Добавить в цитаты Настройки чтения

Страница 24 из 26



В невыносимой жаре, еще более усиливавшейся от скученности, люди, обливавшиеся потом и проклинавшие друг друга, находились в той степени каления, когда, казалось, от прикосновения друг к другу они могут взорваться. Неистовая брань стояла в воздухе, и уже нельзя было определить, кто кого ругал.

Военные люди, ведавшие переправой, не спавшие уже много суток, черные от бессонницы, от солнца, на котором они жарились от восхода до заката, от пыли, все время взбиваемой тысячами ног и колес, осипшие от ругани, с воспаленными веками и потными черными руками, доведенные до той степени нервной усталости, когда ничто уже не держалось в этих руках, — продолжали, однако, свою нечеловеческую работу,

Было совершенно ясно, что ничего другого, кроме того, что делали эти люди, уже нельзя было сделать, но Валько все же спустился к самому съезду на мост, и его хриплый голос потерялся среди других голосов и рычания машин.

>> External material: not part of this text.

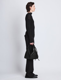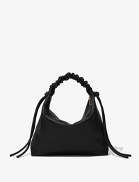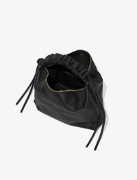 The Medium Drawstring Shoulder Bag is crafted in smooth leather to a slouchy silhouette with a single ruched top handle. It's fitted with a zip fastening and stamped with a signature logo at the front. Details • Black • Ruched top handle • Zip top fastening • Knotted ties • Logo at front • Silver-tone metal hardware • 100% lambskin • Made in Italy • SKU: HB241032L003G001 Size & Fit • W: 34cm x H: 33cm x D: 21cm • Top Handle Length: 20.5cm Care • 100% lambskin • Our bags are hand crafted using genuine leather. Variations in tone, marks or grain are common and should not be considered imperfections. Like all natural materials, leather reacts to the atmosphere. Humidity, rain, and sunlight can damage leather. Should a slight white coating appear on the surface of the leather, it can easily be removed using a dry cloth. Should the leather get wet, please absorb the water immediately with a dry cloth. Overexposure to sunlight can stain or alter the color of the leather.

Олег с товарищами, с трудом пробравшись на берег, стоял и с напряженным вниманием большого ребенка, с выражением разочарования и удивления смотрел, как в этой пыли и жаре с оползшего и размешанного в чудовищное месиво берега один за другим ползут грузовики и подводы, нагруженные с верхом, и все идут и идут люди — потные, грязные, злые, униженные, но идут, идут…

И только Донец, эта любимая с детства река, на среднее течение которой столько раз в своей жизни ездили ребята-школьники купаться и ловить рыбу, только Донец, широкий, плавный в этих, местах, катил попрежнему свои теплые мутноватые воды.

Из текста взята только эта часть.